Decision could push postal rates down

July 6, 2015

By Tonda F. Rush

NNA CEO and General Counsel

WASHINGTON—Could postal rates actually go down? That is the question now faced by the Postal Regulatory Commission after the U.S. Court of Appeals for the District of Columbia Circuit kicked back the PRC’s 2013 decision on a 4.3 percent postage surcharge.

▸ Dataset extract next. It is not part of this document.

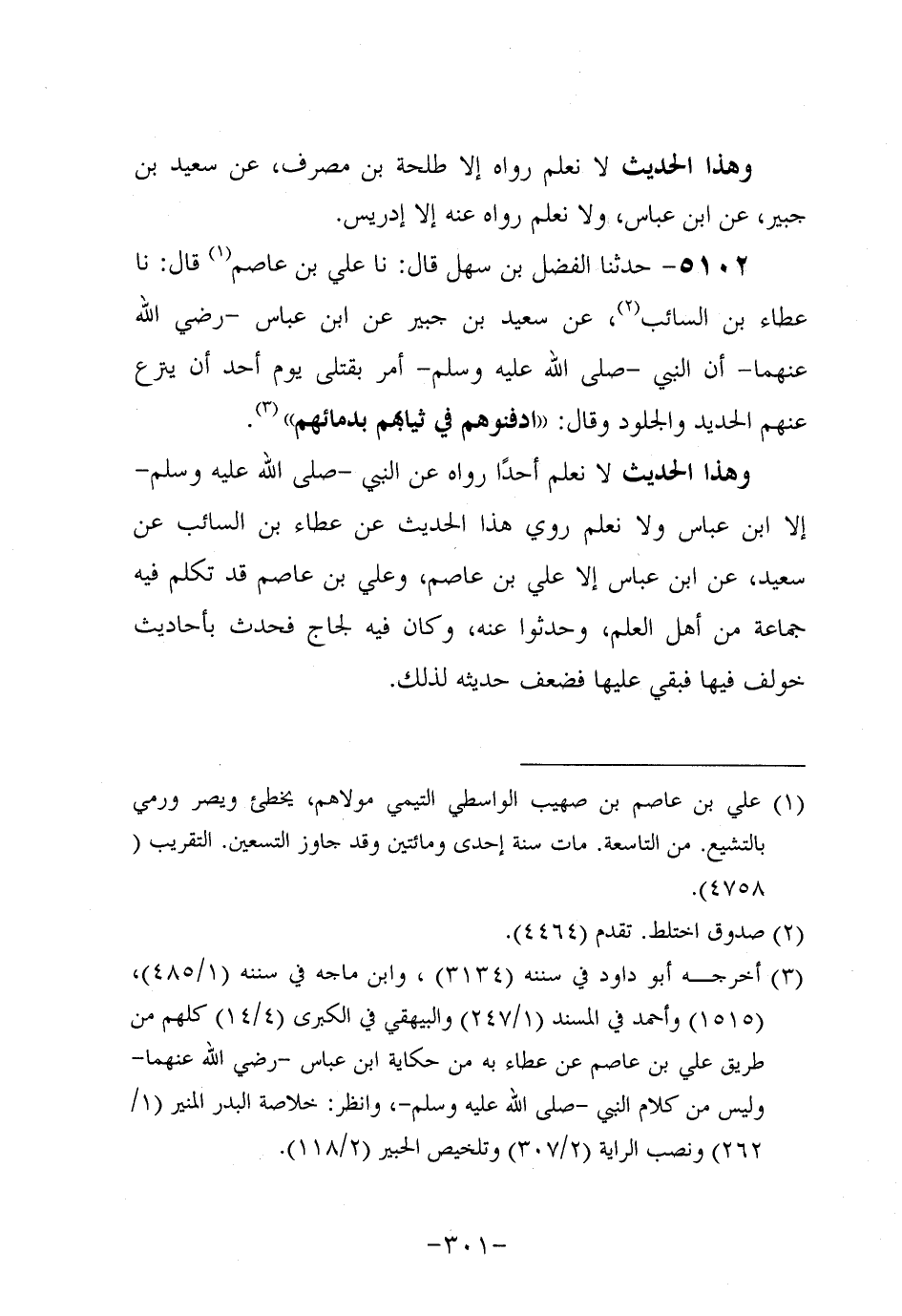5102- حَدَّثنا الفضل بن سَهْل، قَال: حَدَّثنا علي بن عَاصِم، قَال: حَدَّثنا عَطَاءِ بْنِ السَّائِبِ، عَن سَعِيد بْنِ جُبَير، عَنِ ابْنِ عَبَّاسٍ، رَضِي اللَّهُ عَنْهُمَا، أَنَّ النَّبيَّ صَلَّى اللَّهُ عَلَيه وَسَلَّم أَمَرَ بِقَتْلَى يَوِْمَ أُحُدٍ أَنْ يُنْزَع عَنْهُمُ الحديدُ والجلودُ، وَقال: ادْفِنُوهُمْ فِي ثِيَابِهِمْ بِدِمَائِهِمْ.

The surcharge was part of the U.S. Postal Service’s attempt to recover revenues it said it lost during the Great Recession. Generally, USPS is not permitted to increase rates by more than the level of inflation during a year, unless it faces exigent circumstances. The Postal Service considered the recession such an exigency. But since it first announced the surcharge, groups of mailers—including the National Newspaper Association—have fought back, saying USPS was papering over losses from other causes and blaming them on the recession. The commission ruled in December 2013 that USPS was owed extra money by mailers, but the PRC limited the number of months extra charges could be imposed. After USPS had recovered an extra $2.7 billion, the PRC said, it had to remove the surcharge.

That number will be reached sometime in August. So, will USPS lower rates?

Possibly, but not likely, according to NNA’s Postal Committee Chair Max Heath.

In early June, the PRC received the court’s ruling. The court agreed with every party in the case to some degree. Yes, the Postal Service deserved extra money. No, it could not charge the extra rate forever, as mailers had argued. But yes, the commission had undercounted how much money could be recouped because its estimate of the recession’s effect was too low.

USPS immediately asserted that it was owed $3.9 billion, actually, and that it should not reverse the charge in August. NNA and other mailers cried foul and urged the PRC to recalculate. NNA did not urge a reversal of the rate, but instead promoted the notion that delaying the next increase would be fairer to the mailers. Now the PRC is beginning a new examination of the actual effects of the recession on postal revenues and says it will finish its deliberation by August.

The possibility of yo-yo rates created concern for NNA, Heath said.

“With the court taking so long to make this decision, USPS already put off its 2015 increase way into May. But it clearly is on track to collect too much with this 4.3 percent charge, and we hope the commission forces that number back. We are urging some common sense in this ruling. As the situation appeared in early June, we could have had the May increase, then an August decrease, and then another increase after PRC figured out the proper exigency charge, then another decrease after the Postal Service collected enough revenue, and then the 2016 increase. It would have driven our industry nuts. We would rather see the commission get tough about this surcharge and apply the extra money toward a lower increase next year, or perhaps a decrease all at once,” he said.

NNA President John Edgecombe Jr. said the Court of Appeals case had already left NNA members in a state of uncertainty for rates and service in 2015.

“We expected this court decision much earlier in the year. When it didn’t come and the Postal Service finally put the 2015 increase into effect, we knew we might be facing another period of uncertainty. What we really need right now is not just for the commission to act sensibly, but for Congress to get serious about postal legislation.”

NNA Government Relations Chair Deb McCaslin, publisher of the Custer County Chief in Broken Bow, NE, agreed.

She said: “The Postal Service’s grab for revenue right now isn’t as much about the recession as it is the overcharge created by Congress to prefund retirement costs. We have argued for nearly a decade now that no other government agency is required to do that. We know the Treasury Department likes having this extra money on hand, but it is unfair to the Postal Service and to all of us who pay postage. This situation is creating crazy rates and devastating service cuts.

“I’m urging all of our members to talk with their congressional delegations over the summer about service problems. Congress’ inaction is hurting our readers with late service, and creating this rate uncertainty for us and the Postal Service.”